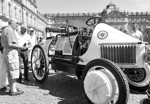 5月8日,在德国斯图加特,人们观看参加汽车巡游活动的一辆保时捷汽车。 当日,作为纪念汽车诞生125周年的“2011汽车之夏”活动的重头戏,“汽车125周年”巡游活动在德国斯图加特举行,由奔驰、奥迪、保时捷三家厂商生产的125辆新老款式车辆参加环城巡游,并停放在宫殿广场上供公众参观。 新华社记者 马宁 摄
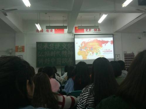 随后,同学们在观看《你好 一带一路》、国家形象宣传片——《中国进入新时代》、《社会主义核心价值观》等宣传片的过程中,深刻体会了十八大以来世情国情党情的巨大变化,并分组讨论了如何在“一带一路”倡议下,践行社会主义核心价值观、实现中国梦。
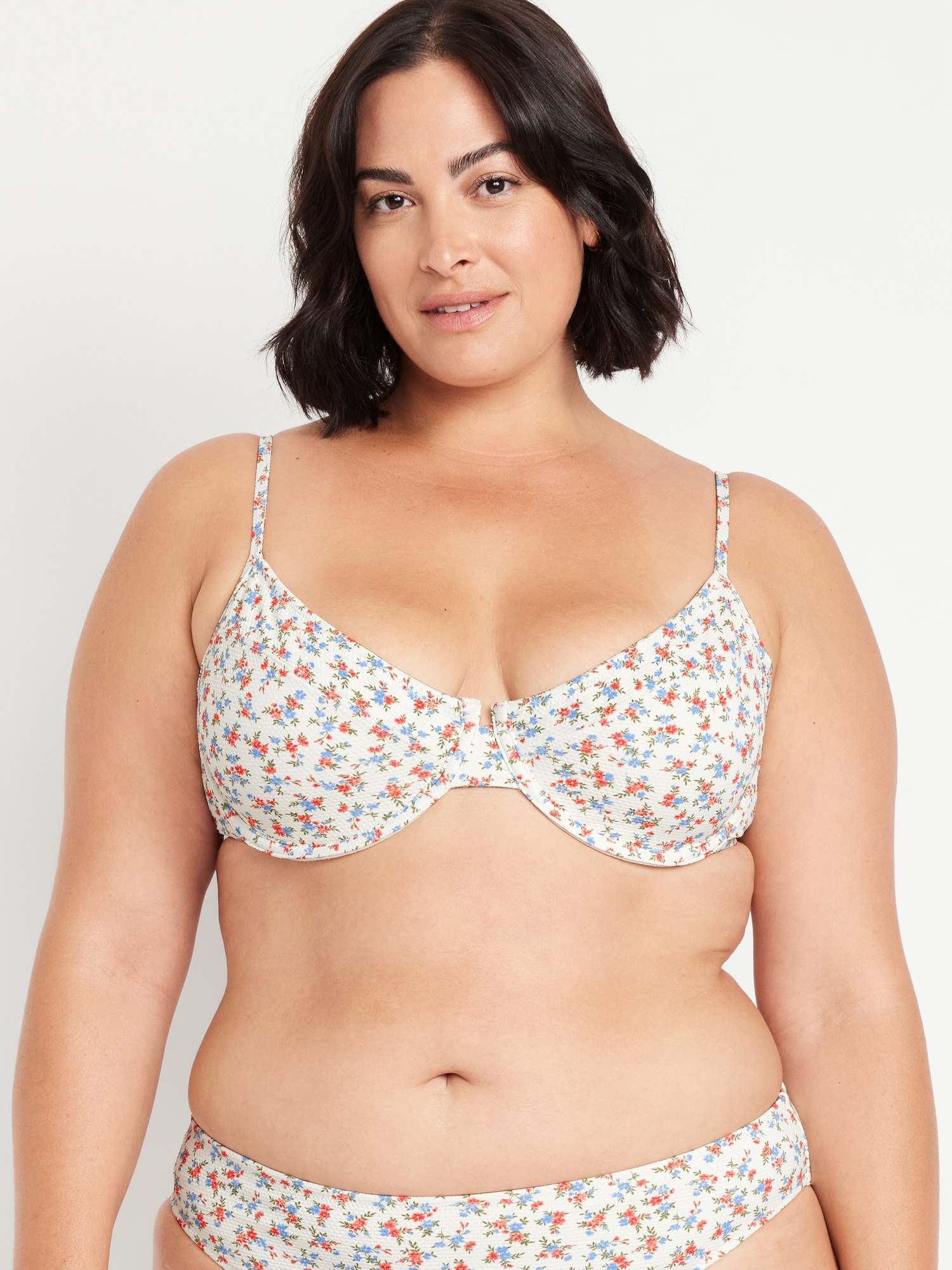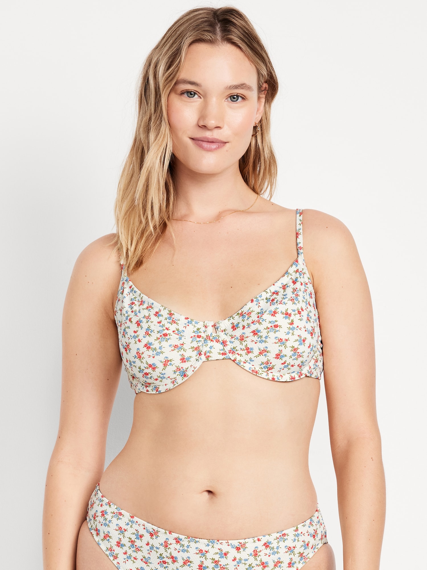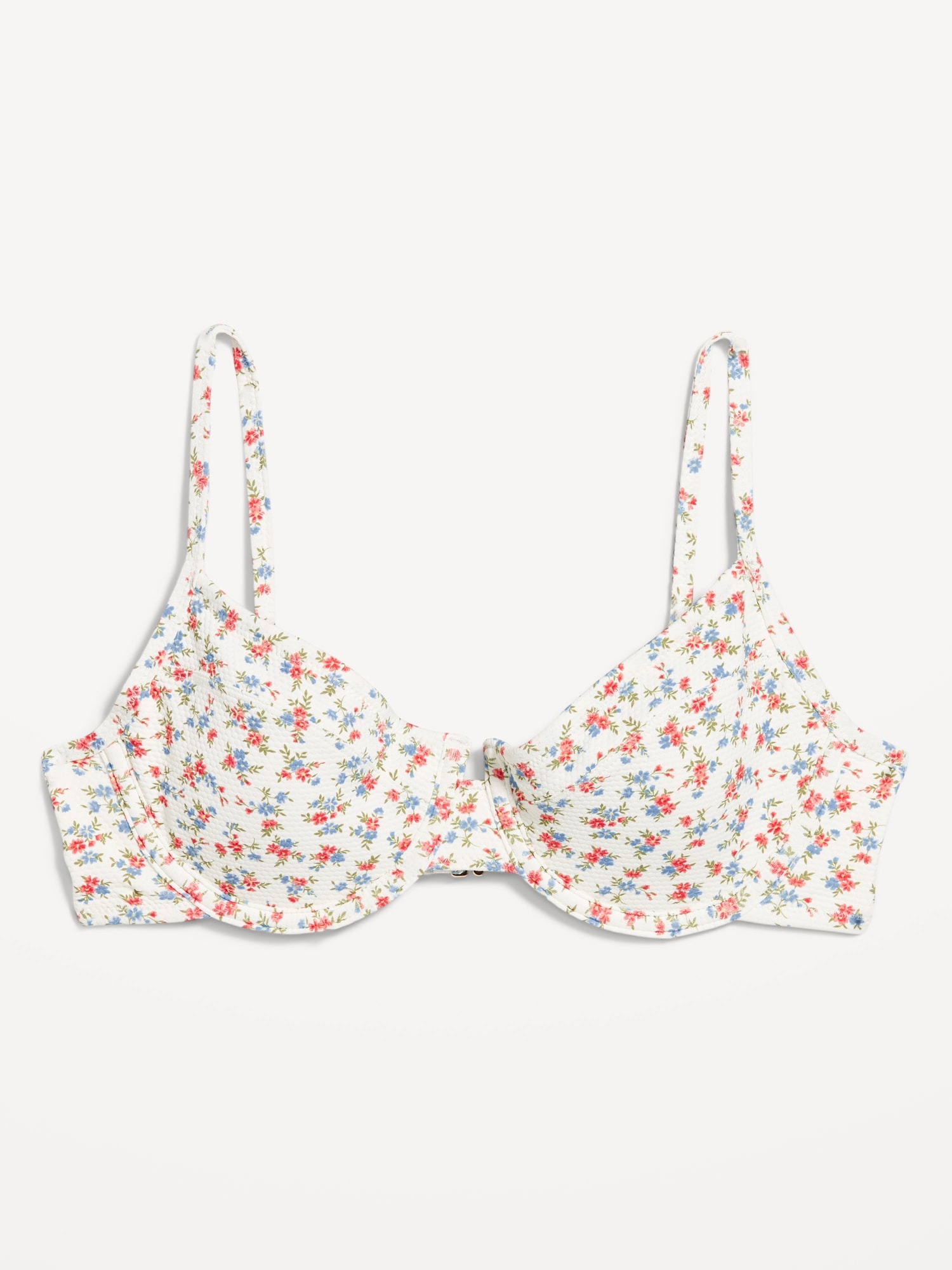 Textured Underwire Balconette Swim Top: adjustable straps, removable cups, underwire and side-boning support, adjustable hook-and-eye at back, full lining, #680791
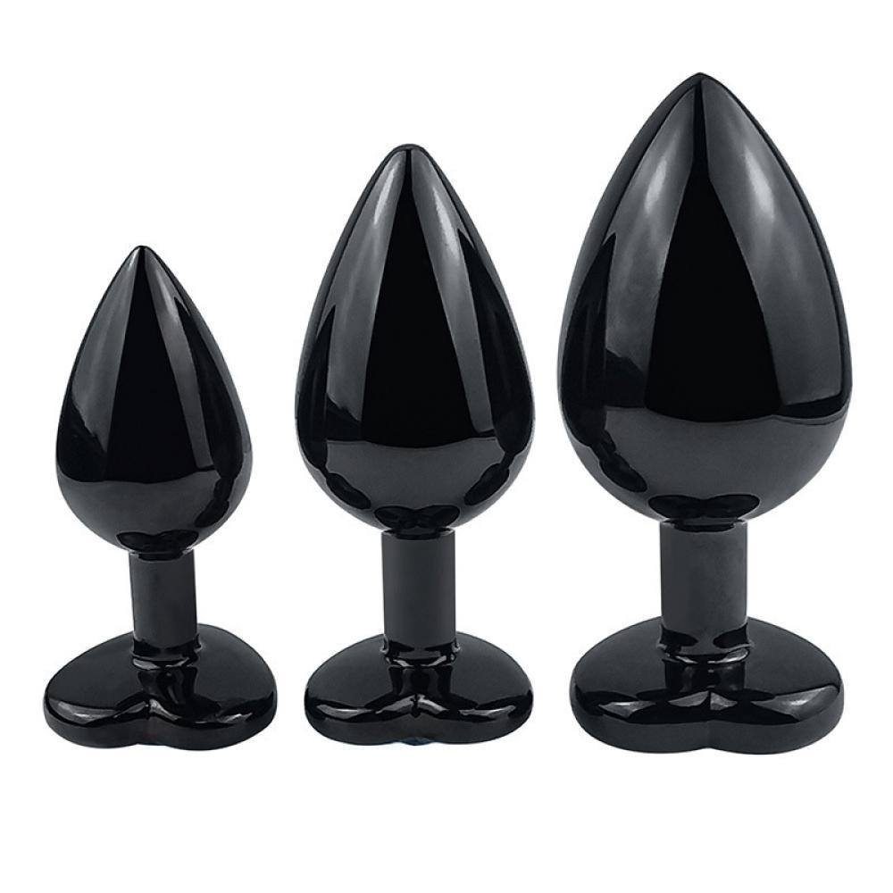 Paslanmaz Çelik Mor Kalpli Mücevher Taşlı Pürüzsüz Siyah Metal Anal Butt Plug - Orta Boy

...

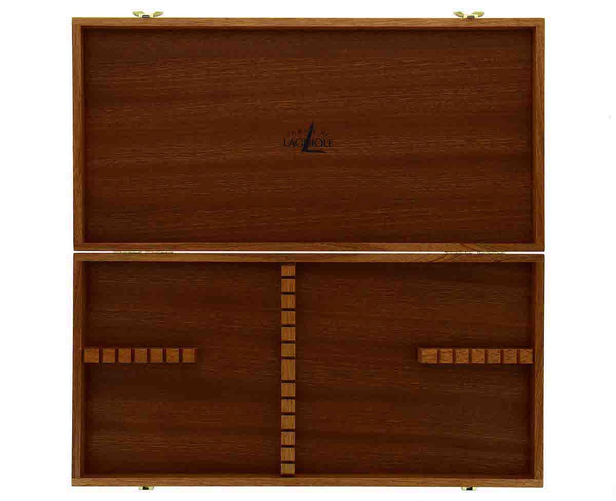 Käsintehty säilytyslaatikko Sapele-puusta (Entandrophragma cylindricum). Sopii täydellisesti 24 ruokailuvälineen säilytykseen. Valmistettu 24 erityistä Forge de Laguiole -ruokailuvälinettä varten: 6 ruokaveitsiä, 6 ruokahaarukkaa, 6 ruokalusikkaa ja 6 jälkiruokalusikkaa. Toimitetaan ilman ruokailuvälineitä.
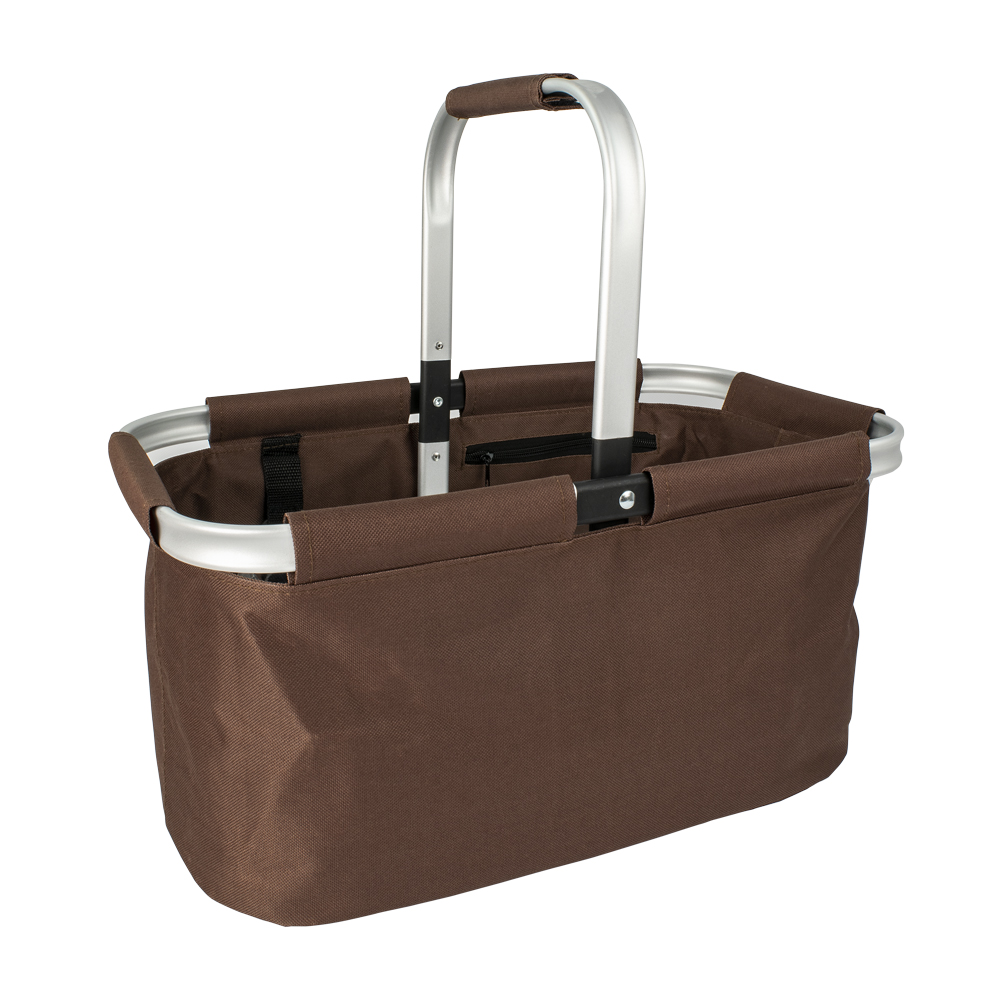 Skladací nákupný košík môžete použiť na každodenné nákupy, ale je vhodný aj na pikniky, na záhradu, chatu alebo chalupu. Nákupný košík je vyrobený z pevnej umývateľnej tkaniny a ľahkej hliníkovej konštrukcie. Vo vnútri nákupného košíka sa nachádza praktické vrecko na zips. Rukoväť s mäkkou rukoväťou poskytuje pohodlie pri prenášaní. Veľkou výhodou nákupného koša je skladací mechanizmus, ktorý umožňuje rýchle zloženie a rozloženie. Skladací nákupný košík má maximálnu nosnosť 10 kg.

_WHAT THE TASK ASKS:_
When you reach the line with "Textured Underwire Balconette" in the records above, begin repeating the lines exactly, and stop after the line with "Paslanmaz Çelik Mor". Skip all pictures.

_YOUR SOLUTION:_
 Textured Underwire Balconette Swim Top: adjustable straps, removable cups, underwire and side-boning support, adjustable hook-and-eye at back, full lining, #680791
 Paslanmaz Çelik Mor Kalpli Mücevher Taşlı Pürüzsüz Siyah Metal Anal Butt Plug - Orta Boy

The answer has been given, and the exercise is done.